During an appearance yesterday at a panel discussion at Bar Ilan University in Tel Aviv, former British Prime Minister and Labour Party leader Tony Blair denounced current Labour Party leader Jeremy Corbyn for anti-Semitism.


To be frank, this anti-Semitism row, it’s a shameful thing. If you told me, not merely back in May 1997, but at any point in the next 10 years, that the party I led for 13 years would have a problem with anti-Semitism, I would literally not have credited it, or believed it, and yet it is, and it’s there today.


Blair, who resided at 10 Downing Street from 1997 to 2007, also said that when he established the Equality and Human Rights Commission he "never dreamed it would be investigating the Labour Party."


As for Corbyn, Blair said, “Some of the remarks are not explicable in any other way, I’m afraid, and that is sad. Does he think he is? No, he doesn’t think he is at all.”


That's quite the rebuke.

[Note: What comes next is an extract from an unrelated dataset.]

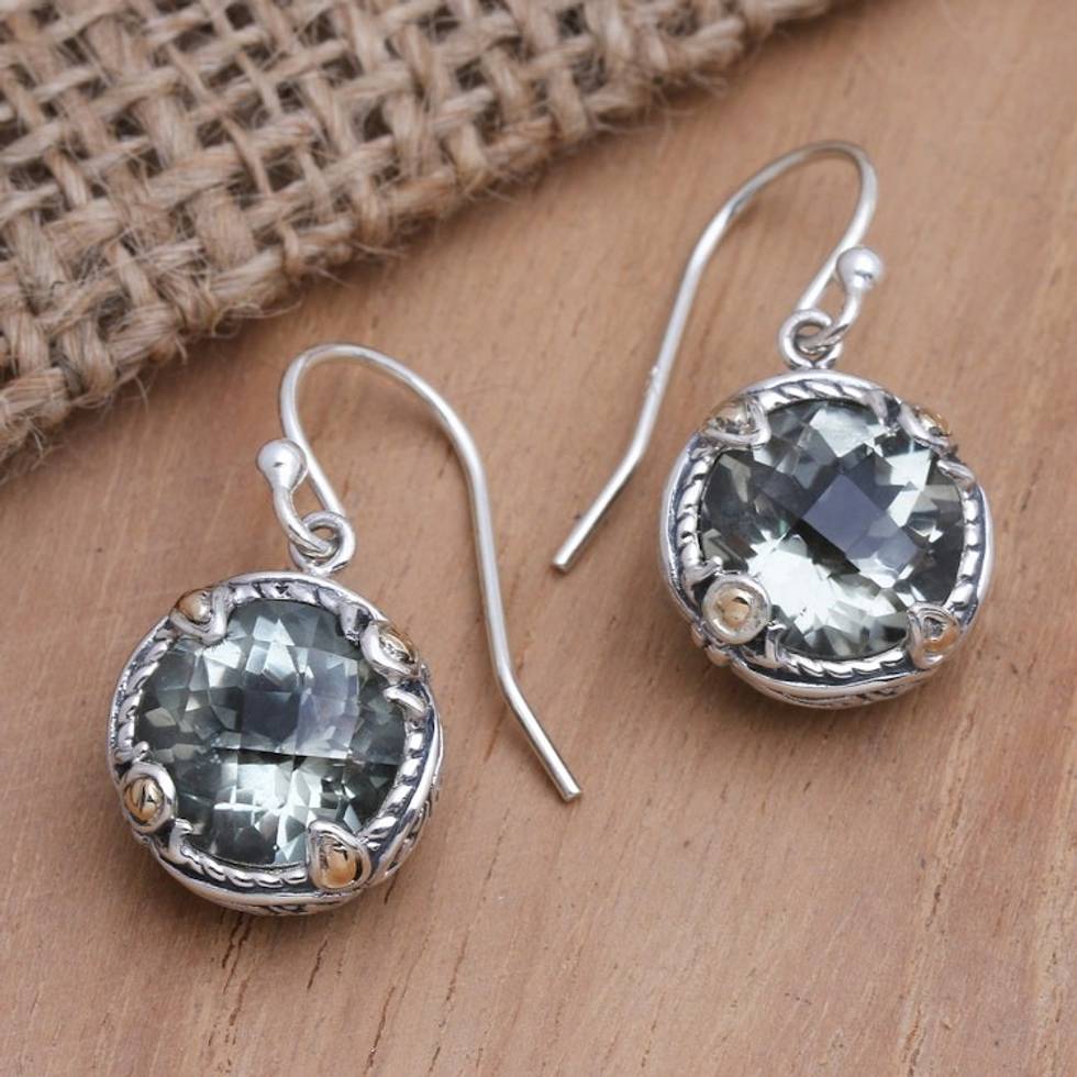 Gold-Accented Prasiolite Dangle Earrings 'Green Dream' Item ID: 2671747591

Not that it will matter much though. Blair is fairly persona non grata even among those in Labour pre-Corbyn who consider him a war criminal for the U.K.'s participation in the War in Iraq. So I doubt it will push Labour into pushing out Corbyn. The only thing that could push Corbyn out is if their polling shows the new Conservative Leader trouncing Labour in a general election.


Nevertheless, it should give pause when a man who was the most successful leader of the Labour Party says the man currently at the helm is an anti-Semite.